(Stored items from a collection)
'''

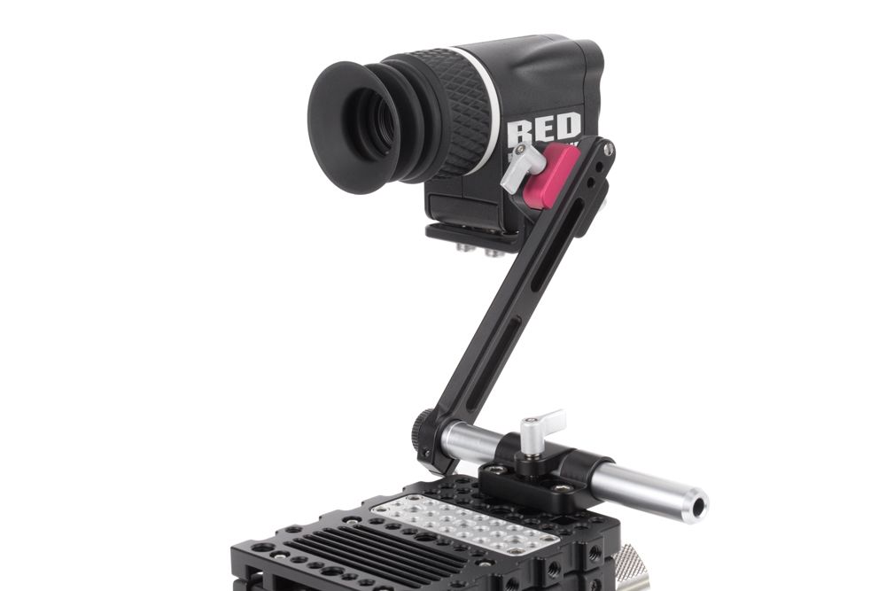 UVF Mount v2 accepts most EVFs and LCDs. Three points of adjustment: 15mm tube clamp for tilt and distance to the camera, NATO thumbscrew (identified by red component) for positioning on NATO rail, and tension thumbscrew to adjust tilt of EVF. Tool-less design allows quick installation and removal of UVF v2 Sled. Safety pin prevents accidental removal. UVF v2 Sled can attach directly to any NATO-style rail and includes adapter for using SmallHD and Alphatron viewfinders.
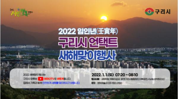 시는 최근 코로나19 신규 확진자 폭증 및 오미크론 변이 확산 등 방역상황을 고려하여, 2022년 1월 1일 구리시 공식 유튜브 채널인 '해피GTV-구리시'를 통해 오전 7시 47분에 예정된 아름다운 해돋이 장면과 ‘새해를 여는 안승남 구리시장의 타북 및 새해 덕담’을 현장 생중계할 예정이다.
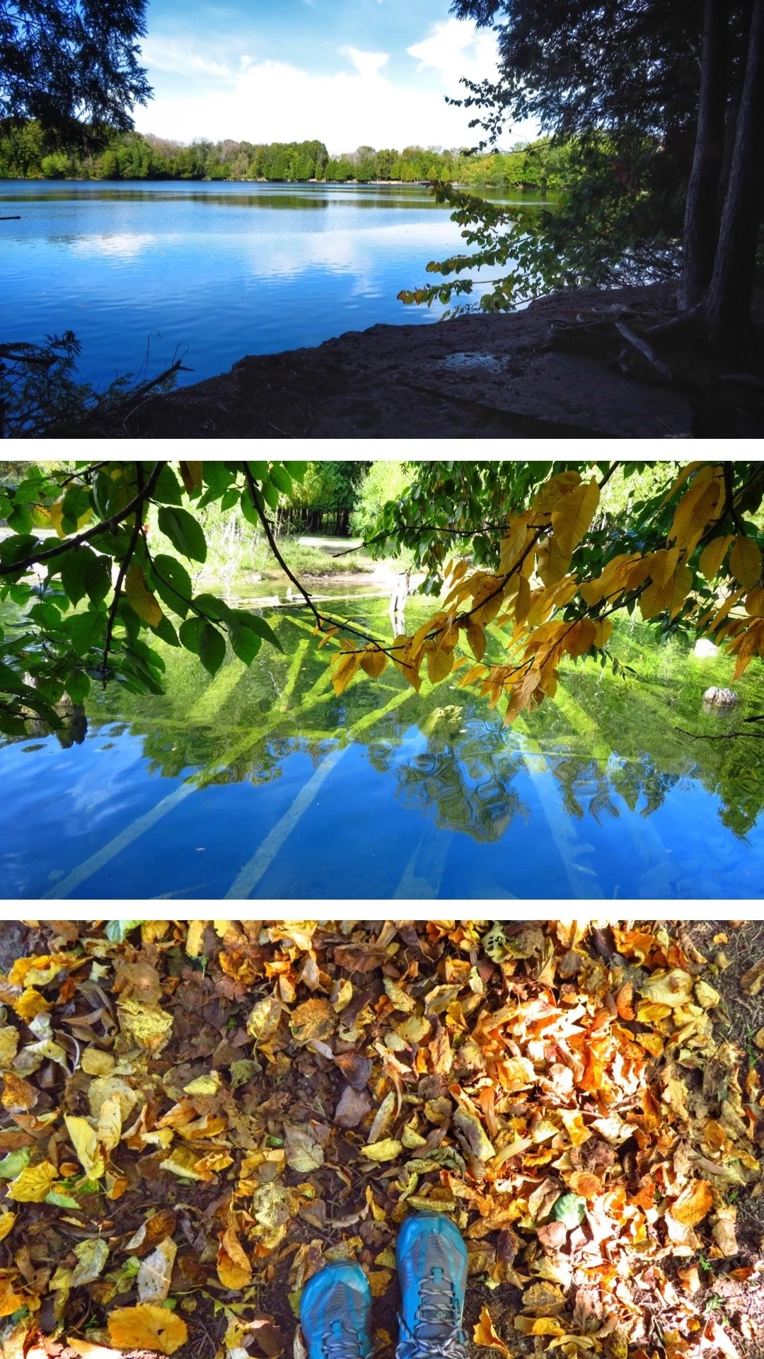 As the name indicates, this trail goes around the quarry, which is now a lake, and it’s pretty neat to see the water through the trees from the trail.
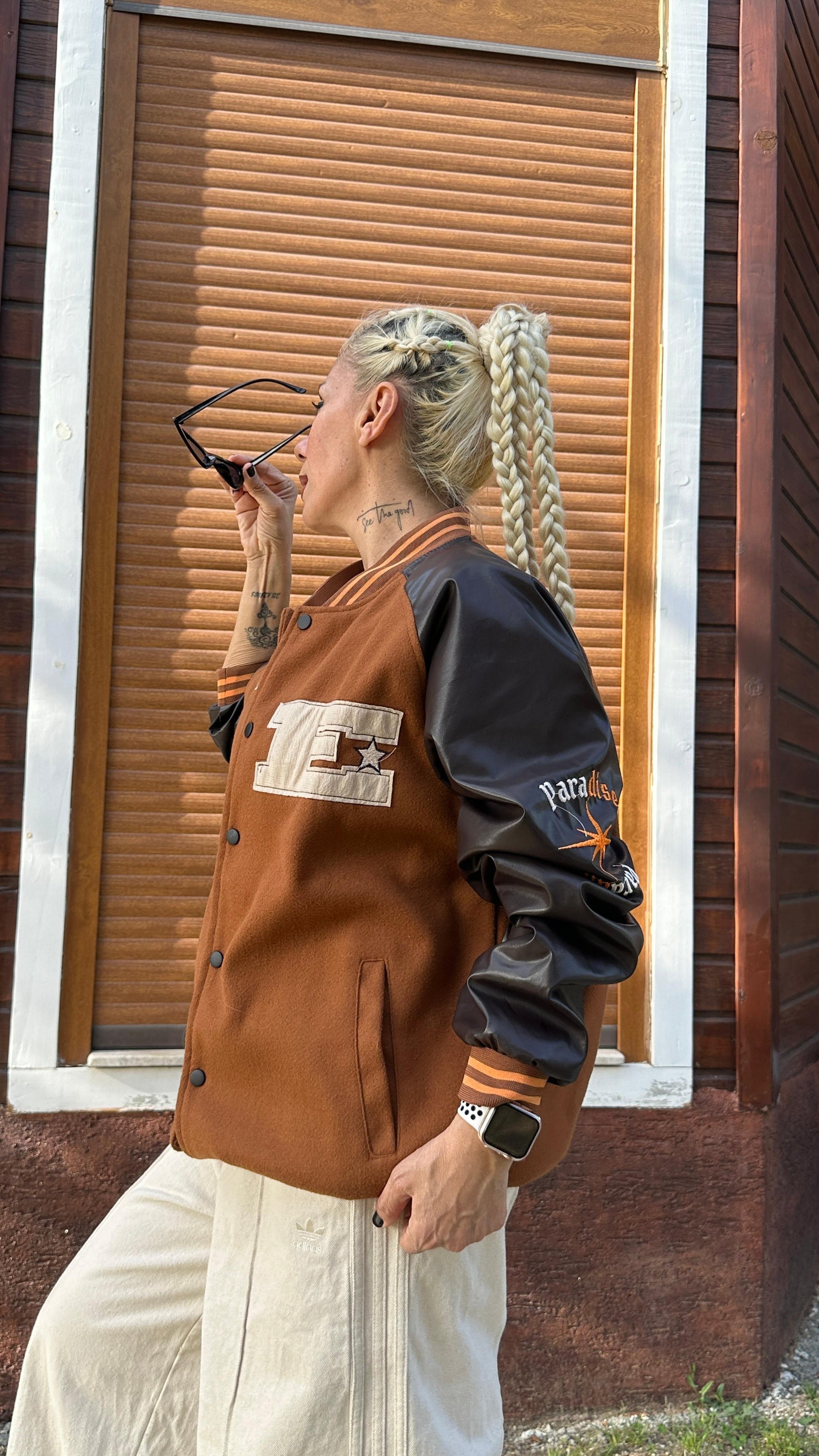 Sırtta büyük "Paradise" nakış yazı
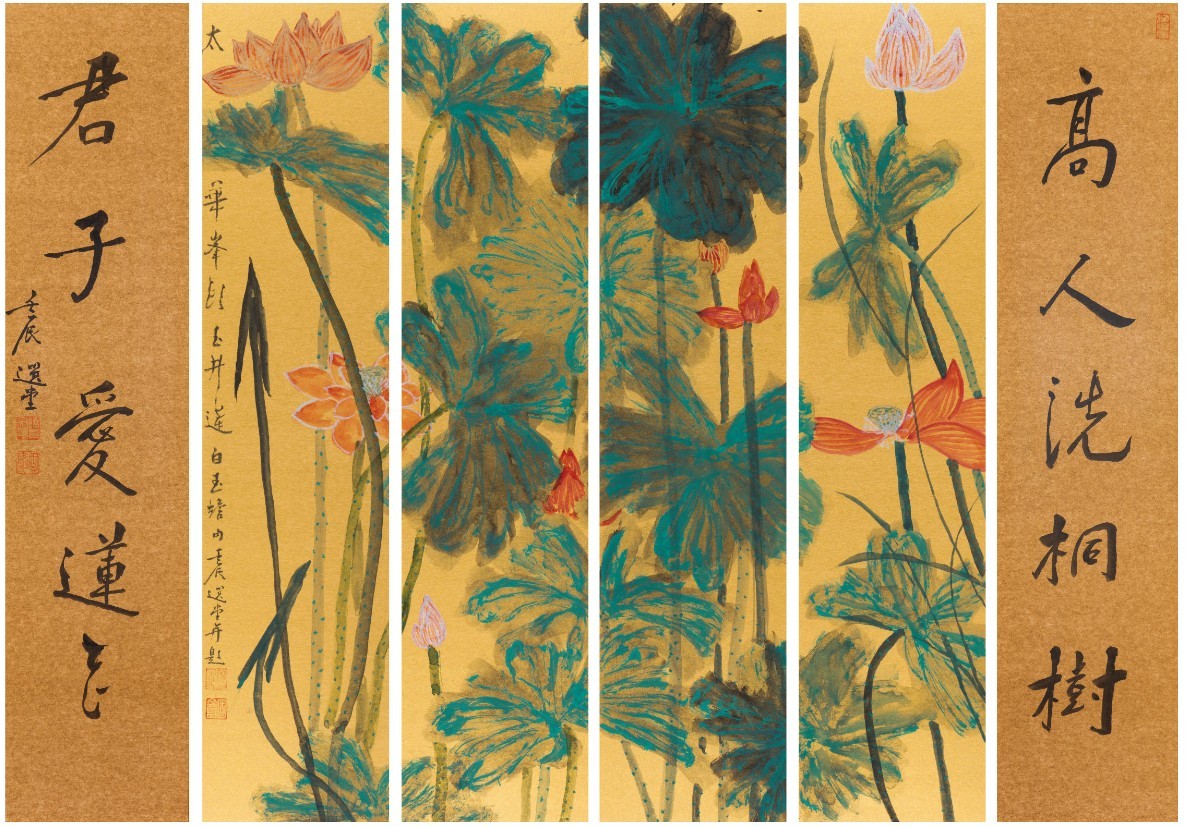 • 國學大師饒宗頤的《荷花四連屏連五言對聯》
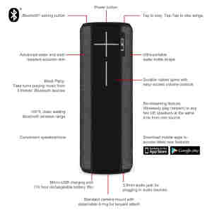 Ultimate Ears Boom 2. Premer gonilnika globokotonca: 1,75″ Frekvenčno območje: 90 – 20000 Hz, občutljivost: 90 dB. Tehnologija prenosa: Žični & Brezžično, Bluetooth profili: A2DP,HFP, Domet Bluetooth: 33 m Barva izdelka: Črna, Oblika izdelka: Tube, Zaščitne lastnosti: Vodoodporen. Priporočena uporaba: Mobilni telefon / pametni telefon, Podprti mobilni operacijski sistemi: Android, iOS

'''

== WHAT IS REQUIRED ==
Apart from the pictures, write every entry out again exactly.

== RESULT OF THE EXERCISE ==
 UVF Mount v2 accepts most EVFs and LCDs. Three points of adjustment: 15mm tube clamp for tilt and distance to the camera, NATO thumbscrew (identified by red component) for positioning on NATO rail, and tension thumbscrew to adjust tilt of EVF. Tool-less design allows quick installation and removal of UVF v2 Sled. Safety pin prevents accidental removal. UVF v2 Sled can attach directly to any NATO-style rail and includes adapter for using SmallHD and Alphatron viewfinders.
 시는 최근 코로나19 신규 확진자 폭증 및 오미크론 변이 확산 등 방역상황을 고려하여, 2022년 1월 1일 구리시 공식 유튜브 채널인 '해피GTV-구리시'를 통해 오전 7시 47분에 예정된 아름다운 해돋이 장면과 ‘새해를 여는 안승남 구리시장의 타북 및 새해 덕담’을 현장 생중계할 예정이다.
 As the name indicates, this trail goes around the quarry, which is now a lake, and it’s pretty neat to see the water through the trees from the trail.
 Sırtta büyük "Paradise" nakış yazı
 • 國學大師饒宗頤的《荷花四連屏連五言對聯》
 Ultimate Ears Boom 2. Premer gonilnika globokotonca: 1,75″ Frekvenčno območje: 90 – 20000 Hz, občutljivost: 90 dB. Tehnologija prenosa: Žični & Brezžično, Bluetooth profili: A2DP,HFP, Domet Bluetooth: 33 m Barva izdelka: Črna, Oblika izdelka: Tube, Zaščitne lastnosti: Vodoodporen. Priporočena uporaba: Mobilni telefon / pametni telefon, Podprti mobilni operacijski sistemi: Android, iOS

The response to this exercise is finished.